To evaluate the *WHERE* clause, fetch the topmost Op instance
with the `where' method. Then evaluate the left-hand and right-
hand side of the operation, perhaps recursively. Once that is
done, apply the operator and finally negate the result, if
required.
To illustrate the above, consider the following WHERE clause:
WHERE NOT (id > 2 AND name = 'joe') OR name IS NULL
We can represent this clause by the following tree:
(id > 2) (name = 'joe')
\ /
NOT AND
\ (name IS NULL)
\ /
OR
Thus the WHERE clause would return an SQL::Statement::Op instance with
the op() field set to 'OR'. The arg2() field would return another
SQL::Statement::Op instance with arg1() being the SQL::Statement::Column
instance representing id, the arg2() field containing the value undef
(NULL) and the op() field being 'IS'.
The arg1() field of the topmost Op instance would return an Op instance
with op() eq 'AND' and neg() returning TRUE. The arg1() and arg2()

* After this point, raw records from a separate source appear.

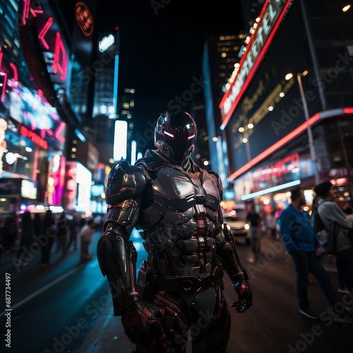 futuristic humans and robots in a city at night with neon light surroundings, AI, artificial intelligence concept, future world concept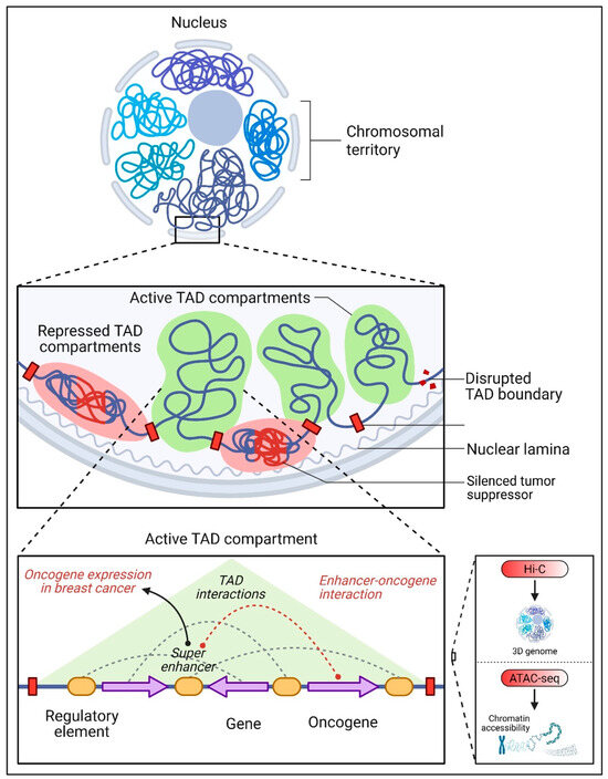 Chromatin architecture and its role in gene regulation and BC. The spatial organization of the genome within the nucleus is structured into chromosomal territories and subdivided into topologically associating domains (TADs). TADs are genomic regions with high internal chromatin interactions and are classified as either active compartments (green) or repressed compartments (pink). This 3D organization ensures precise enhancer–promoter interactions within the same TAD. In cancer, disrupted TAD boundaries may lead to the mislocalization of enhancers, resulting in aberrant oncogene activation or tumor suppressor silencing, as shown in the middle panel. The zoomed-in view depicts an active TAD compartment, highlighting super-enhancers that drive oncogene expression in BC through abnormal chromatin looping. On the right, tools like Hi-C (3D genome mapping) and ATAC-seq (chromatin accessibility profiling) are shown, which help decode genome organization and enhancer landscapes in cancer research.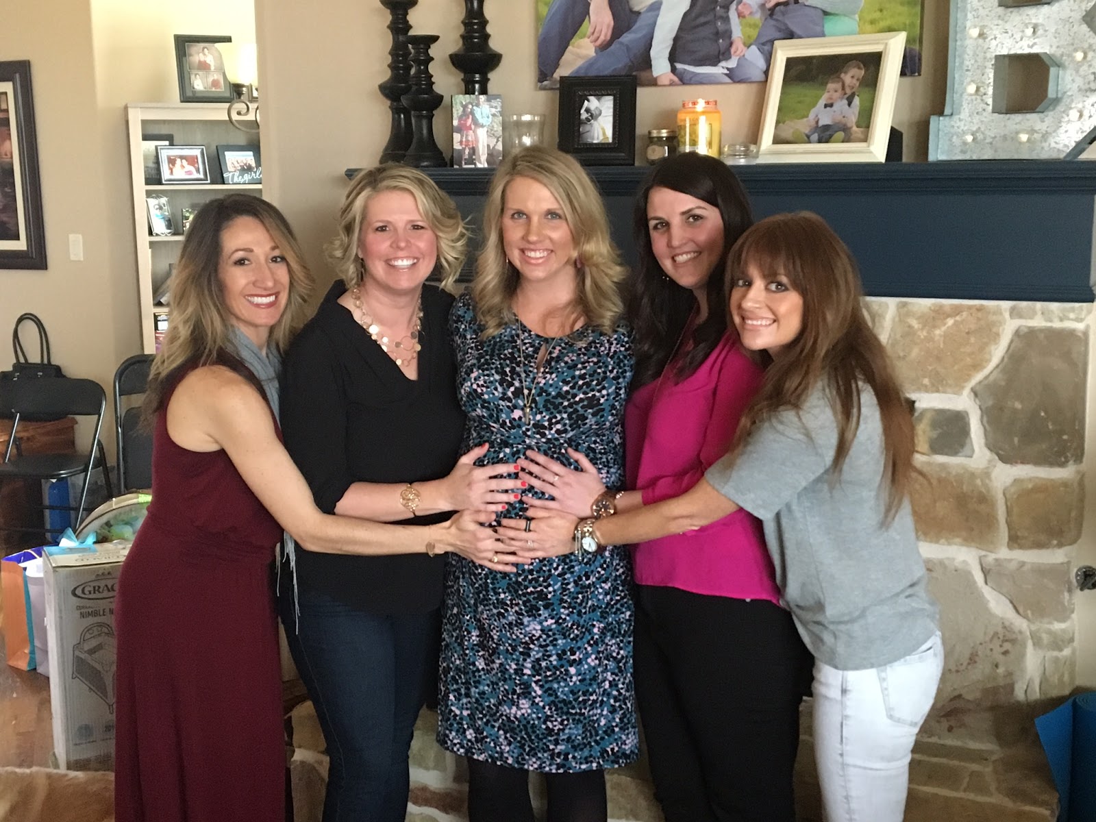 | This is how the magic happened. 6 wonderful friends and a super happy mommy-to-be. These friends span Jess’s life from hometown to college to Denver to Dallas. |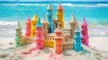 Colorful sandcastles stand proudly on a sunlit beach, surrounded by shimmering waves and glistening sand, capturing the essence of summer joy.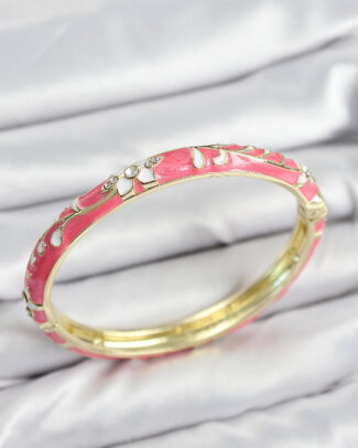 Mineli Pirinç Zirkon Taşlı Pembe Çiçek Motifli Gold Kadın Kelepçe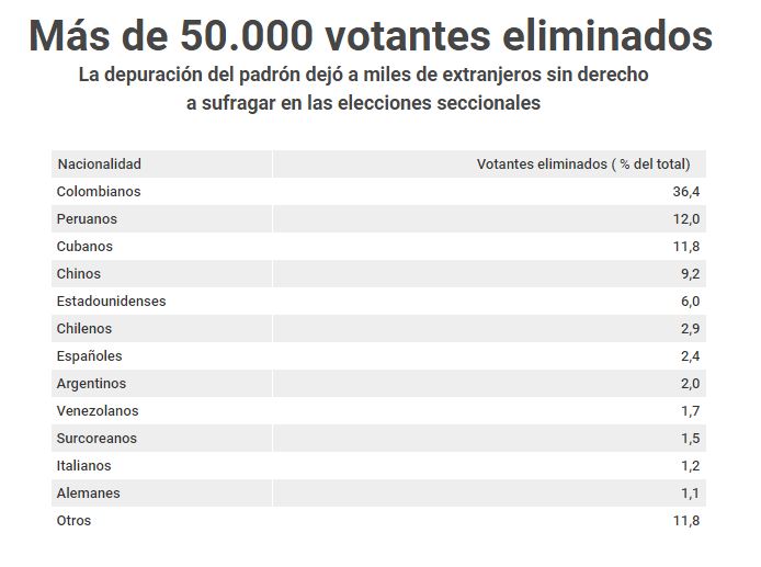 En octubre se anunció que se habían eliminado 50.023 registros de extranjeros residentes. Una fuente electoral dijo entonces que los excluidos eran quienes incumplían con el artículo 11 del Código de la Democracia. Se asumió que eran los que tenían menos de cinco años de residencia.

fields would be Op's representing "id > 2" and "name = 'joe'".
Of course there's a ready-for-use method for WHERE clause evaluation:
Evaluating a WHERE clause
The WHERE clause evaluation depends on an object being used for fetching
parameter and column values. Usually this can be an SQL::Eval object,
but in fact it can be any object that supplies the methods
$val = $eval->param($paramNum);
$val = $eval->column($table, $column);
See the SQL::Eval manpage for a detailed description of these methods.
Once you have such an object, you can call a
$match = $stmt->eval_where($eval);
Evaluating queries
So far all methods have been concrete. However, the interface for
executing and evaluating queries is abstract. That means, for using them
you have to derive a subclass from SQL::Statement that implements at
least certain missing methods and/or overwrites others. See the
`test.pl' script for an example subclass.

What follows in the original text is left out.